Perhaps emboldened by the recent Tornado Cash developments, Ethereum developers and researchers have once again begun discussing ideas for making the Ethereum network private at its core.
«Privacy must not be an optional feature that users must consciously enable — it must be the default state of the network,» said Caversaccio, whose post outlined his vision for a privacy-oriented Ethereum roadmap. «Ethereum’s architecture must be designed to ensure that users are private by default, not by exception.»

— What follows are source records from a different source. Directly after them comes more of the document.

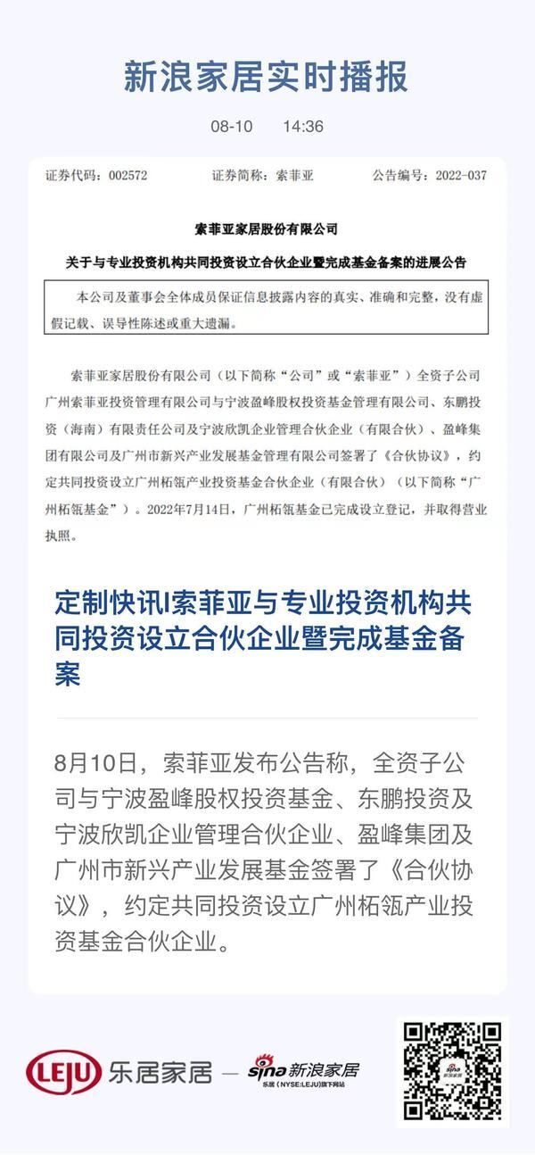 定制快讯|索菲亚发布关于与专业投资机构共同投资设立合伙企业的进展公告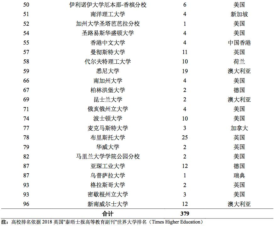 2018 届毕业生中出国(境)留学有 379 人就读于世界排名前 100 的高校,占出国(境)留 学总人数的 59.87%。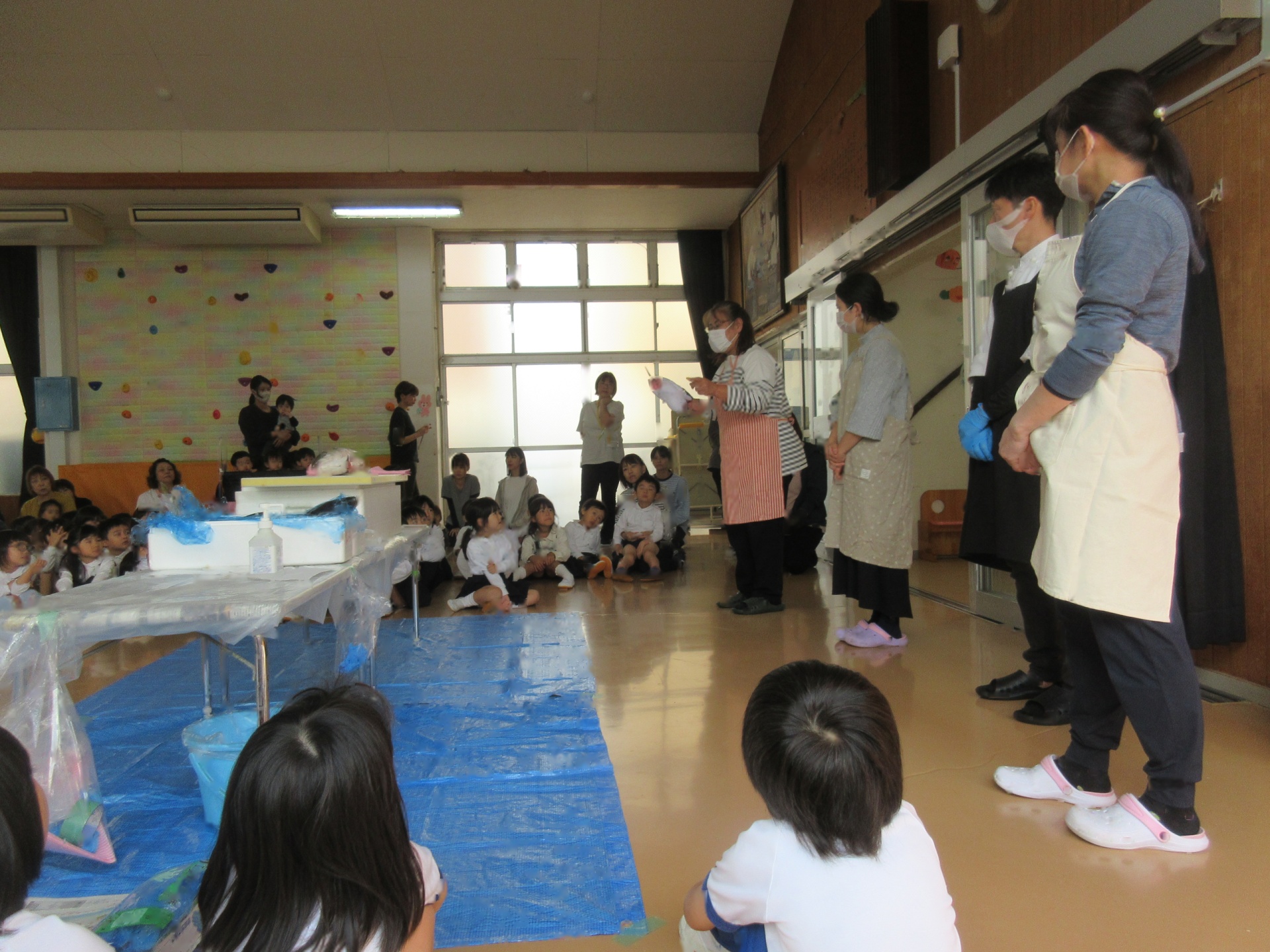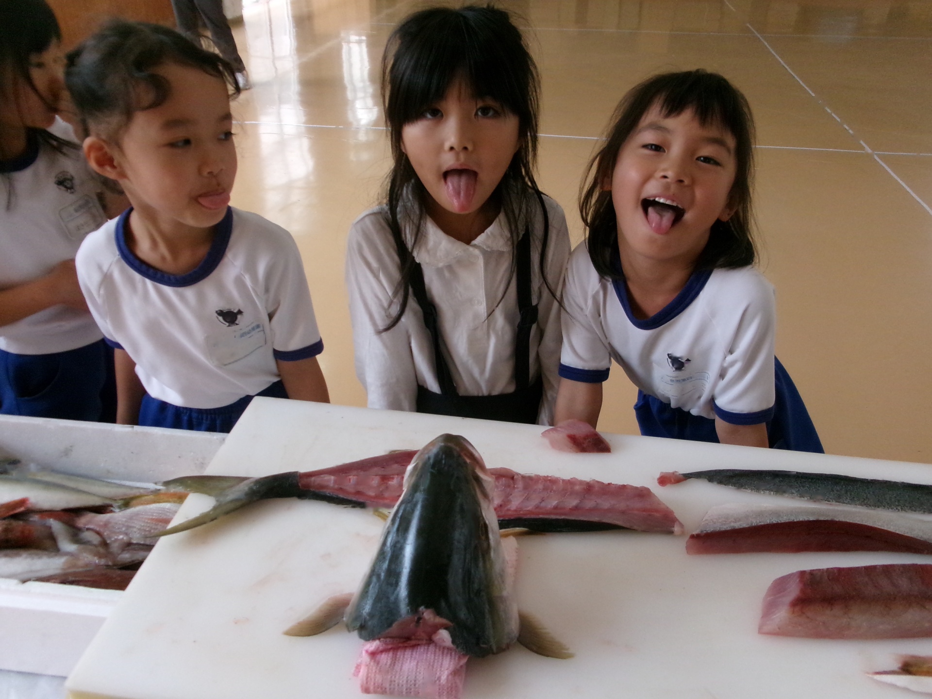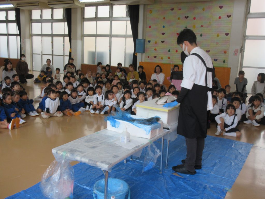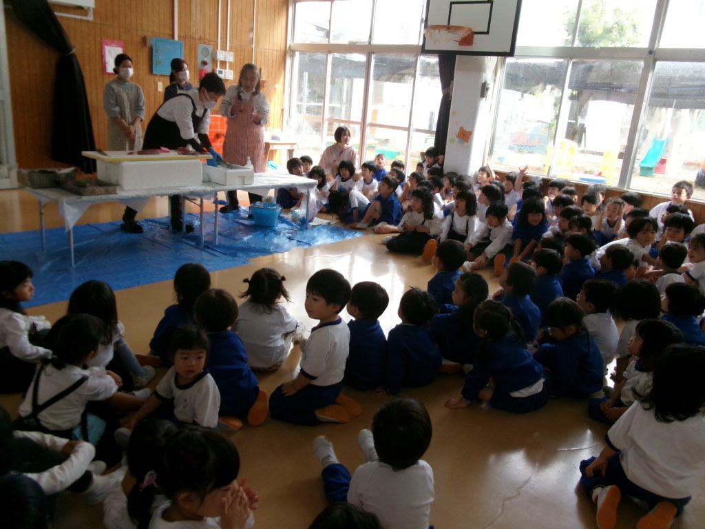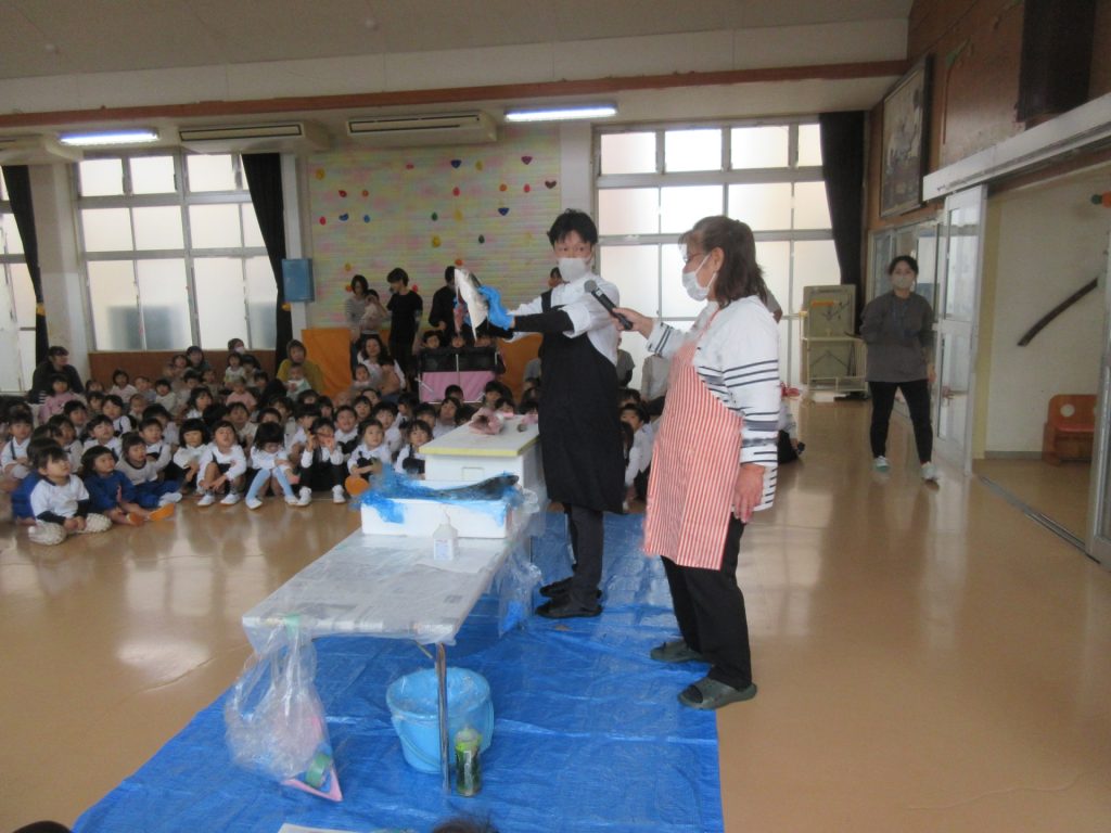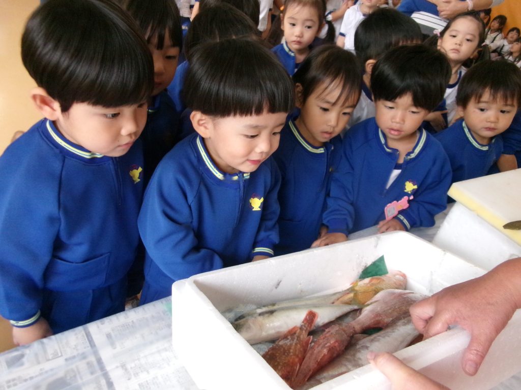 2025.11.21 ☆魚の解体ショー☆ 先月、食育の一環として魚の解体ショーの見学をしました。 初めて見る子どもも多く、調理師さんの華麗な手さばきに釘付けの子ども達でした。 解体ショーを通して、≪命を頂いていること≫を感じてくれたことと思います。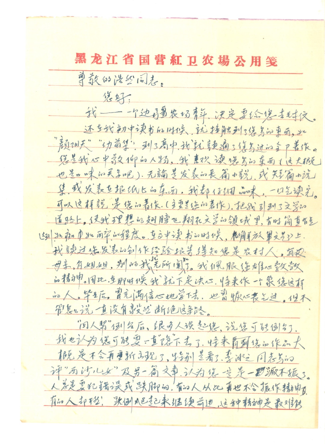 高中刚毕业,我作为粉碎“四人帮”后的第一届大学生,到杭州大学中文系学习来了。这使得我有机会拜读了您的所能找到的全部作品,从《新媳妇》到《蜜月》到《金光大道》,我特别喜欢您的几个短篇集子。您在短短的篇幅里塑造了许许多多可敬可爱的“新人”。这些人都是血肉丰满,栩栩如生的啊。当前发表在那些刊物上的作品,能有几篇达到您的二十年前的水平呢?
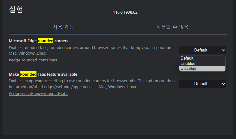 엣지 브라우저 둥근 모서리 끄기 2023.08.28 07:58 PC.Div.Soft/Windows.Office 반응형 나쁘지 않다고 생각하는데, 창 최대화를 하면 테두리가 사각형으로 하나 생기고, 거기 안에서 둥근 모서리가 적용된다. 굳이 사용할 이유가 없지 않나 싶어서 설정 살펴보는데도 안보여서 구글링해봄. 실험 기능이라 일부에겐 켜고 일부에게 끄고 그런지 모르겠는데, 기본값은 켜져 있다. 이걸 disabled로 바꾸면 끝. edge://flags를 주소창에 입력해서 플래그를 열고, 검색창에 rounded corners라고 검색하고(rounded라고만 입력해도 뜸), 드롭 다운 버튼 눌러서 Disabled로 선택한 뒤, 브라우저 재시작하면 적용되니 참조합시다. 반응형 공유하기 게시글 관리 Klein Berry 'PC.Div.Soft > Windows.Office' 카테고리의 다른 글 MS, Intel CPU Downfall 취약점 완화 비활성화 방법 공개 (0) 2023.08.30 윈도11에서 미묘하게 일부 기능이 버벅일 때 (0) 2023.08.24 윈도 업데이트 후 연도나 날짜가 비정상일때 (0) 2023.08.24 댓글 공유하기 다른 글 댓글 이 글 공유하기 구독하기 구독하기 카카오톡 카카오톡 라인 라인 트위터 트위터 Facebook Facebook 카카오스토리 카카오스토리 밴드 밴드 네이버 블로그 네이버 블로그 Pocket Pocket Evernote Evernote 다른 글 Microsoft, Windows 11에서 워드패드 기본 제공 중단 Microsoft, Windows 11에서 워드패드 기본 제공 중단 2023.09.04 MS, Intel CPU Downfall 취약점 완화 비활성화 방법 공개 MS, Intel CPU Downfall 취약점 완화 비활성화 방법 공개 2023.08.30 윈도11에서 미묘하게 일부 기능이 버벅일 때 윈도11에서 미묘하게 일부 기능이 버벅일 때 2023.08.24 윈도 업데이트 후 연도나 날짜가 비정상일때 윈도 업데이트 후 연도나 날짜가 비정상일때 2023.08.24 다른 글 더 둘러보기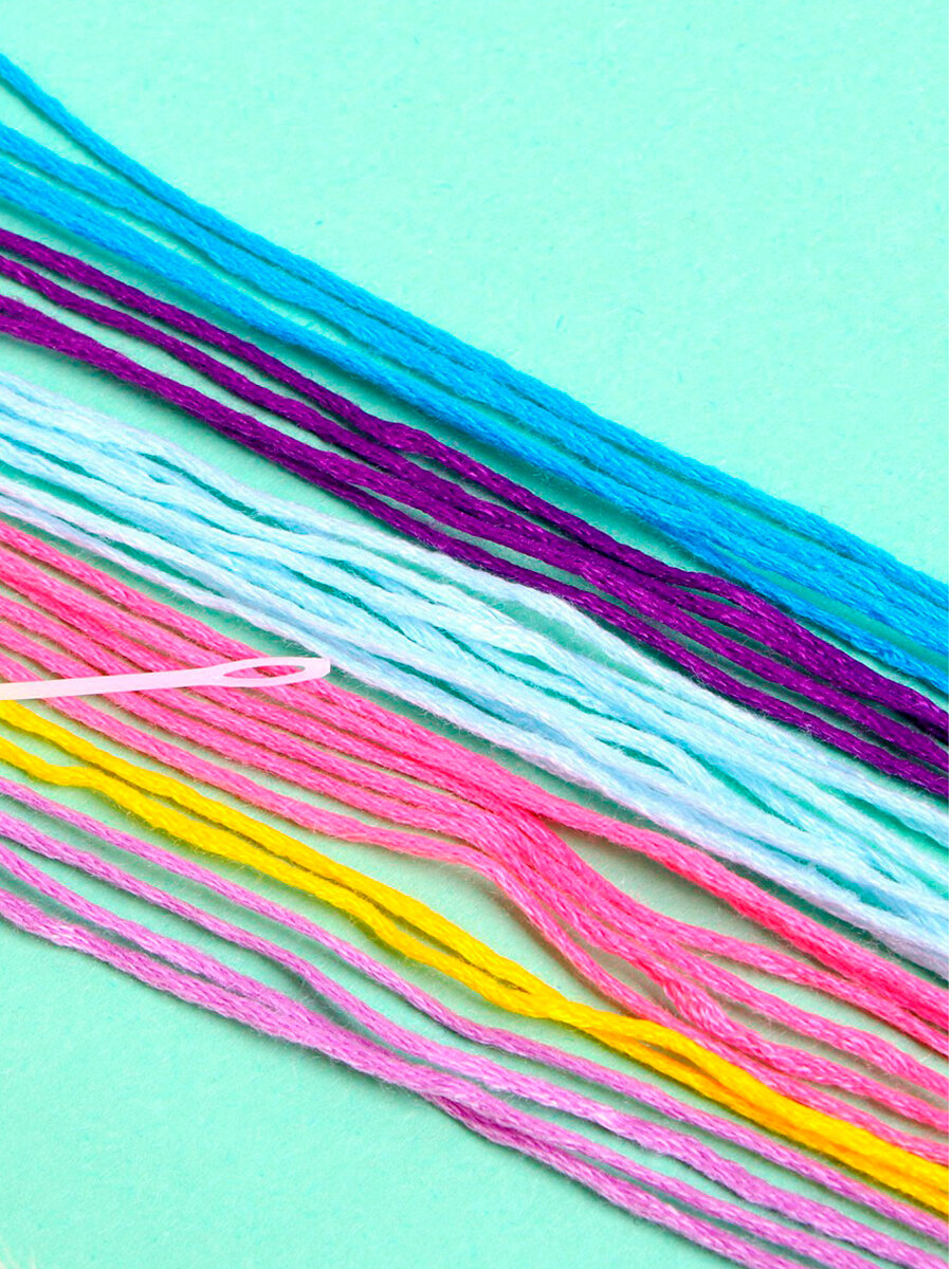 Вышивка пряжей «Снеговик» на картоне с пластиковой иглой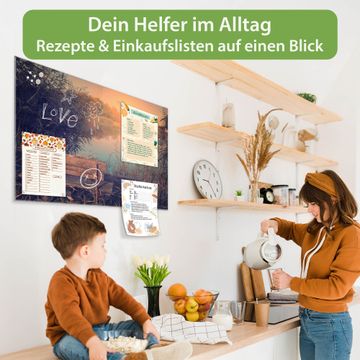 Auf der glatten Glasoberfläche lassen sich Termine, Rezepte oder Notizen ganz einfach mit Kreidestiften festhalten und rückstandslos entfernen. Starke Neodym-Magnete halten Ihre wichtigsten Erinnerungen sicher an Ort und Stelle. So entsteht Ihre ganz persönliche Ideenwand - jeden Tag neu.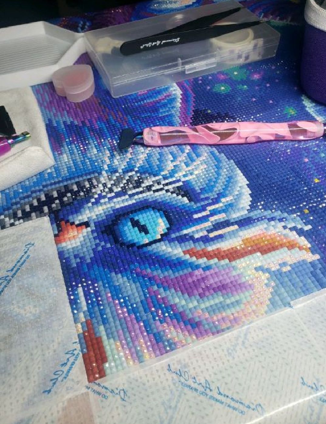 This diamond painting was so fun to complete! It was a bit challenging, but the end result was wonderful! The colors were gorgeous too! Highly recommend doing this diamond painting! Picture was taken in the middle of completing it… you can see how beautiful the colors are!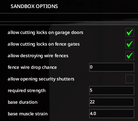 - Настройки песочницы для включения отдельных функций: срезание замков с гаражных ворот, ворот забора и защитных ставней, а также разрушение секций проволочного забора.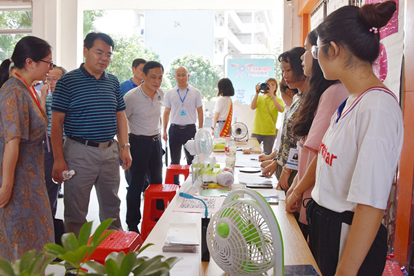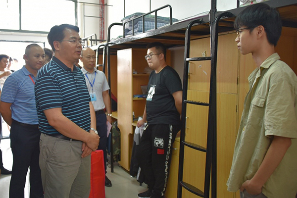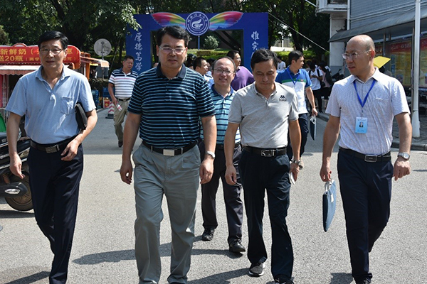 学校党委书记李国忠(左二)、副书记王赣华(左一),副厅级调研员张劲松(右二)检查指导迎新工作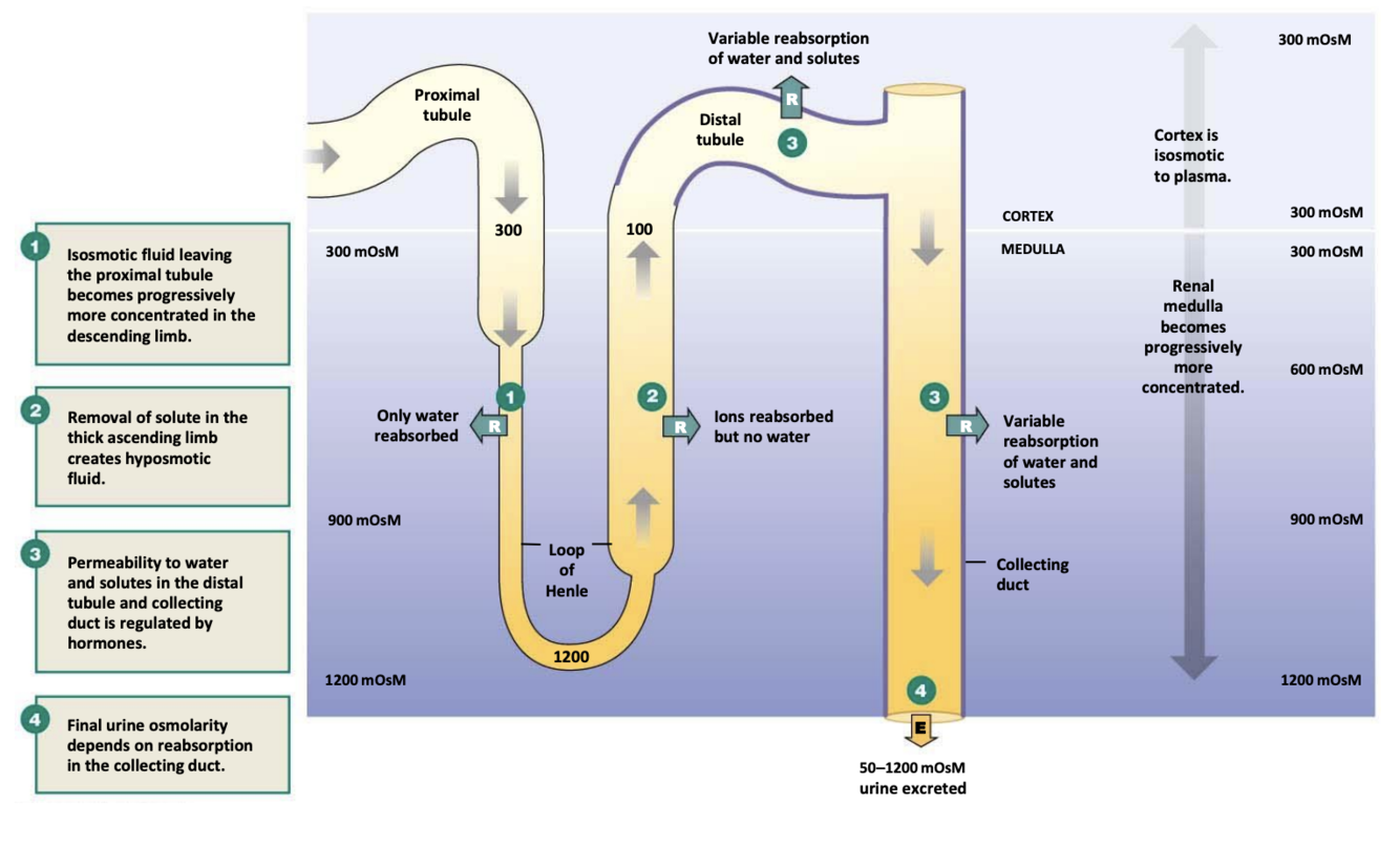 Loop of Henle = reabsorption of ions in excess of water to create dilute fluid in the lumen. COuntercurrent arrangement contributes to concentrated interstitial fluid in the renal medulls

Caversaccio’s post identified several potential interventions — some new, some old — that could, according to him, would make Ethereum more private for end-users. One idea is to encrypt Ethereum’s public mempool — where transactions are sent before they’re recorded permanently. Another involves making Ethereum transactions confidential through zero-knowledge cryptography, new transaction formats, and other methods.
«Today, Ethereum operates in a partial, opt-in privacy model, where users must take deliberate steps to conceal their financial activities — often at the cost of usability, accessibility, and even effectiveness,» wrote Caversaccio. «This paradigm must shift. Privacy-preserving technologies should be deeply integrated at the protocol level, allowing transactions, smart contracts, and network interactions to be inherently confidential.»
In response to Caversaccio’s post, Ethereum co-founder Vitalik Buterin left a comment on the network’s main developer forum with his own much shorter privacy-oriented Ethereum roadmap.
Buterin suggested focusing on privacy for on-chain payments, anonymizing on-chain activity within applications, making communication on the network anonymous, and privatizing on-chain reads.
To achieve all of this, Buterin listed various steps like integrating certain third-party privacy features into the core network.
One of the more substantial interventions suggested by Buterin involves moving the network towards a “one address per application” model — a departure from today’s system, where a single application may employ dozens of wallets for different features. “This is a major step, and it entails significant convenience sacrifices, but IMO this is a bullet that we should bite, because this is the most practical way to remove public links between all of your activity across different applications,” Buterin wrote.
According to Buterin, if all of his suggestions are implemented, private transactions could be the default on Ethereum.
The privacy discussion comes a few weeks before Ethereum’s next major upgrade, Pectra, which doesn’t have a major focus on privacy. Ethereum developers are also currently planning the network’s following upgrade to Fusaka. The changes to be included in that hard fork are not yet set in stone.